I don't understand how one could have a conflict upon which to turn
INSERT into UPDATE without having a UNIQUE constraint violated...
The only question is whether one should have control over -or have to
specify- which constraint violations lead to UPDATE vs. which ones lead
to failure vs. which ones lead to doing nothing.
The row to update is the one that the to-be-inserted row conflicted with
-- there can only have been one if the constraint violated was a PRIMARY
KEY constraint, or if there is a PRIMARY KEY at all, but if there's no
PRIMARY KEY, then there can have been more conflicting rows because of
NULL columns in the to-be-inserted row.
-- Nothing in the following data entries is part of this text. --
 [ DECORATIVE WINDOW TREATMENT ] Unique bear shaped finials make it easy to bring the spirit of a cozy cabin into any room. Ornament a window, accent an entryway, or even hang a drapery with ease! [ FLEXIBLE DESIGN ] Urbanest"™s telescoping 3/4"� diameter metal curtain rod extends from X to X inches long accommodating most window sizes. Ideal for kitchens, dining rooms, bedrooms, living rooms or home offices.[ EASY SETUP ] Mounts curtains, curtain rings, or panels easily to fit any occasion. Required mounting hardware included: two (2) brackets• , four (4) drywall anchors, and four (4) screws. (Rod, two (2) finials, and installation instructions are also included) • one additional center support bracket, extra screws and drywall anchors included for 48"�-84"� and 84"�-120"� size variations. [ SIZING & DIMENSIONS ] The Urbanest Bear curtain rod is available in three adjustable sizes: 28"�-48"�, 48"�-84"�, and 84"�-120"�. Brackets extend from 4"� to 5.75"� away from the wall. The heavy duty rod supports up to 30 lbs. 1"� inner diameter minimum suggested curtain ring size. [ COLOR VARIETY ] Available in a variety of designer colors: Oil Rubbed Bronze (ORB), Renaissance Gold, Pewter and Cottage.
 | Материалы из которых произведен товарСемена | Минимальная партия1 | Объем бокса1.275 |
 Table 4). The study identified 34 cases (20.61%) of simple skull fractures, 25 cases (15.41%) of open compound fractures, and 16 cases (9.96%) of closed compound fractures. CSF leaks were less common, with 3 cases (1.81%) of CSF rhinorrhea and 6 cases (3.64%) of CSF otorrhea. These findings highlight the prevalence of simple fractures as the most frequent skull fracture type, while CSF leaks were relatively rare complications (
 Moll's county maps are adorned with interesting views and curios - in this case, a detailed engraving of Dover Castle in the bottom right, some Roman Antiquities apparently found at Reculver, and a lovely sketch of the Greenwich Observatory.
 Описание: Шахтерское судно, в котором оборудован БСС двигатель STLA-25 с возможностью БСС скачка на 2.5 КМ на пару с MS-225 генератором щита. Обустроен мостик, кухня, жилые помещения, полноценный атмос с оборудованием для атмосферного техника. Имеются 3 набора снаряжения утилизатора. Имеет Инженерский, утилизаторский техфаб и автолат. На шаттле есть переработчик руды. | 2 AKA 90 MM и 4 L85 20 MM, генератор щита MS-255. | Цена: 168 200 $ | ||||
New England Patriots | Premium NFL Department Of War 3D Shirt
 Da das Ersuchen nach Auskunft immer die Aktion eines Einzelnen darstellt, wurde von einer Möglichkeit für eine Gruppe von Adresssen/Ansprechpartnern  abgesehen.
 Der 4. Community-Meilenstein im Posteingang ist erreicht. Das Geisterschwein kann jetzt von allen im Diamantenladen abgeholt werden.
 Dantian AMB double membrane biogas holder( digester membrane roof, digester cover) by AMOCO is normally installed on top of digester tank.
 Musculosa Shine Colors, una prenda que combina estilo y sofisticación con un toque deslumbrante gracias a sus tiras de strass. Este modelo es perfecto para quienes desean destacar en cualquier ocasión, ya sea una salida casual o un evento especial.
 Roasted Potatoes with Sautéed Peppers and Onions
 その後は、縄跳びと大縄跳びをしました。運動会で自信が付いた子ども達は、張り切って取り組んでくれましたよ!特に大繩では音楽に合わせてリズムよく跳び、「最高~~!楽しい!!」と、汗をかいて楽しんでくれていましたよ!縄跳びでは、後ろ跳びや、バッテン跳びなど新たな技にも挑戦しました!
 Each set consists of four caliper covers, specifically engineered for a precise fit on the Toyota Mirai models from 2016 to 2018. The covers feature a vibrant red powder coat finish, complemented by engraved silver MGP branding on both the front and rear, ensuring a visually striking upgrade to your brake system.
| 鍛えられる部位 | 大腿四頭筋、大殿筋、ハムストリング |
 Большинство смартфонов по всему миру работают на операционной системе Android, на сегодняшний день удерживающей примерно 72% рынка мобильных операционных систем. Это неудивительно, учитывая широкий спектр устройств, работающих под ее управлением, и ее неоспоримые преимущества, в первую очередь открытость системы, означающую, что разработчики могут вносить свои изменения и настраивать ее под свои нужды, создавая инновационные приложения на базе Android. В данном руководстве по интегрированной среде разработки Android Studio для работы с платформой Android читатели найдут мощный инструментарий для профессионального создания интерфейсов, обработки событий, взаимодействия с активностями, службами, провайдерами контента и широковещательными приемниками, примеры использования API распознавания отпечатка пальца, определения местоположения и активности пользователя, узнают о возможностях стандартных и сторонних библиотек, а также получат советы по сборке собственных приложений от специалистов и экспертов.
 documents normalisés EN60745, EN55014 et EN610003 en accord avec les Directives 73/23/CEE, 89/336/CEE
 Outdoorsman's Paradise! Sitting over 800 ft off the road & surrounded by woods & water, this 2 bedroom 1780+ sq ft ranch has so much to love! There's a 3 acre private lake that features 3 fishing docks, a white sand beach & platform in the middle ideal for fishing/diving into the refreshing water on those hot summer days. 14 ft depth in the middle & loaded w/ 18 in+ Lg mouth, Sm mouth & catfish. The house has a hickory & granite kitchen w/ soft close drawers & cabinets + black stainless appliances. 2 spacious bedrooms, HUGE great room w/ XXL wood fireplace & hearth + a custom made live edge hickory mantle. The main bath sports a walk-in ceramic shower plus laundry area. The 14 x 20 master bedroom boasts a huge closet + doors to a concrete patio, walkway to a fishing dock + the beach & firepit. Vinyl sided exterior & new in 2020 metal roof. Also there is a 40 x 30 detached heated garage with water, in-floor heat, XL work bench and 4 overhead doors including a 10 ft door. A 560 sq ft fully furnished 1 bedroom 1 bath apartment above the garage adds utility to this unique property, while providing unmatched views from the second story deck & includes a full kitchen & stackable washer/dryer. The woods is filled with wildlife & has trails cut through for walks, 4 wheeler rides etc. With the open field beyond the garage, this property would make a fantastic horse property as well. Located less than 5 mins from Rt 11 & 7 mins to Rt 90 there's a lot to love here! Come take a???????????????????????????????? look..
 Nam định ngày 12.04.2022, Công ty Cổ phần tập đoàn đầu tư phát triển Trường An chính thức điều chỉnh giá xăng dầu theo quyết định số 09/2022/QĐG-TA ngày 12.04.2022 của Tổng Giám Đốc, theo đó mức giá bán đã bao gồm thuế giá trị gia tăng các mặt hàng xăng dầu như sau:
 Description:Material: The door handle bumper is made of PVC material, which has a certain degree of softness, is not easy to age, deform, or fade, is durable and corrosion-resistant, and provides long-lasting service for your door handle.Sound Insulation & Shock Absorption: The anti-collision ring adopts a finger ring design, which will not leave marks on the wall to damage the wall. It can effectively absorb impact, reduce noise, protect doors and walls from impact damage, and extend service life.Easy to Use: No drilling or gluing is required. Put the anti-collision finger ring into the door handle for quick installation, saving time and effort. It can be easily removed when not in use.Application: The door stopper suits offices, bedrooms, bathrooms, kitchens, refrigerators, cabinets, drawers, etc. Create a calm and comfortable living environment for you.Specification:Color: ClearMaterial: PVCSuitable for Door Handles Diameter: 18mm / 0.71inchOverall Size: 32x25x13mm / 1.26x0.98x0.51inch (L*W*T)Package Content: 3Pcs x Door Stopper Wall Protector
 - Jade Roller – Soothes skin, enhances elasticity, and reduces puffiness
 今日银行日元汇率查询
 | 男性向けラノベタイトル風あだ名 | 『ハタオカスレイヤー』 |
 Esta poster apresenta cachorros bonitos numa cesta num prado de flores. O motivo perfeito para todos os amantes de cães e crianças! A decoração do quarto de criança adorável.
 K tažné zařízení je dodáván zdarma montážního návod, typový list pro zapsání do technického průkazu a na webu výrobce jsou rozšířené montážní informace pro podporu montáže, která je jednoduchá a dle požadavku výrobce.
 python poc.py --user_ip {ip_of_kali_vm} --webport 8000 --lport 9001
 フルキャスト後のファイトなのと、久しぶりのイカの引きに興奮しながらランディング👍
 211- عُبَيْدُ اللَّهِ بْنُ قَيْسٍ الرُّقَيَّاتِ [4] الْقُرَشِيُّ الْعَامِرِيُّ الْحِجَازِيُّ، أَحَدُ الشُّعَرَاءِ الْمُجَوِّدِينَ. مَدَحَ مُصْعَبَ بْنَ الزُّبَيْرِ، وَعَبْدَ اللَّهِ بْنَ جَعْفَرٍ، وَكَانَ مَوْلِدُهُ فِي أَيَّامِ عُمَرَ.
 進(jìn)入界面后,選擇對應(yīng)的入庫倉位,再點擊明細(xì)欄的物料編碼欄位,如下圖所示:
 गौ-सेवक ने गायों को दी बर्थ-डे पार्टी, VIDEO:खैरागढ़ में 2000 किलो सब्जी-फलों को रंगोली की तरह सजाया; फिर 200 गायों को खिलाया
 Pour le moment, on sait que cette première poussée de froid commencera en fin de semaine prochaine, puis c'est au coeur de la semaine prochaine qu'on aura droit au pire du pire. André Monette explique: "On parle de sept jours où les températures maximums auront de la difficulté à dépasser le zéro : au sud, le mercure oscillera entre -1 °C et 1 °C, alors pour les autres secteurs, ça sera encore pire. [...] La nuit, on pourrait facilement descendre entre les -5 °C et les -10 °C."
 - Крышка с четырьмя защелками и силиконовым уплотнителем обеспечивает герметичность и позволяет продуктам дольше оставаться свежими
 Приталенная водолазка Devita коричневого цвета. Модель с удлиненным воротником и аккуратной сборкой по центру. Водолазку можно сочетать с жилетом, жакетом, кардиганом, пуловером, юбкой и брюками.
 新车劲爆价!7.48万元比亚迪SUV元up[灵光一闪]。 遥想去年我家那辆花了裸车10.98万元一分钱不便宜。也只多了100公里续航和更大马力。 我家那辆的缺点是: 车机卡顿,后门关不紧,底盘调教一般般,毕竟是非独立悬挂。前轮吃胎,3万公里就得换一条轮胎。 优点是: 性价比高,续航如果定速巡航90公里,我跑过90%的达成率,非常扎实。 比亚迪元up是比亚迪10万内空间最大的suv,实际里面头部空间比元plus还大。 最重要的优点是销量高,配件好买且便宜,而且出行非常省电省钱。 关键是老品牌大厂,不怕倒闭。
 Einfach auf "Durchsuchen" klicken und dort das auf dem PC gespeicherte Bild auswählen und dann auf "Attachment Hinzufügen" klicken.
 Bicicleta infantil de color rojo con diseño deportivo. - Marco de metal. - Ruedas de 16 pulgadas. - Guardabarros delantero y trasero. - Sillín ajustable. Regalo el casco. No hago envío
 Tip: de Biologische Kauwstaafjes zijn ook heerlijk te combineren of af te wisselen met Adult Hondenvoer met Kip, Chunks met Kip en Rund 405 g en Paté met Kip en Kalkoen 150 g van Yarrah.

If the to-be-inserted row
conflicts with multiple rows, then just fail, or don't allow MERGE on
tables that have no PK (as you know, many think it makes no sense to not
have a PK on a table in SQL).
In the common case one does not care about which UNIQUE constraint is
violated because there's only one that could have been violated, or
because if the UPDATE should itself cause some other UNIQUE constraint
to be violated, then the whole statement should fail.
PG's UPSERT is fantastic -- it allows very fine-grained control, but it
isn't as pithy as it could be when the author doesn't care to specify
all that detail.
Also, something like SQLite3's INSERT OR REPLACE is very convenient:
pithy, INSERT syntax, upsert-like semantics[*].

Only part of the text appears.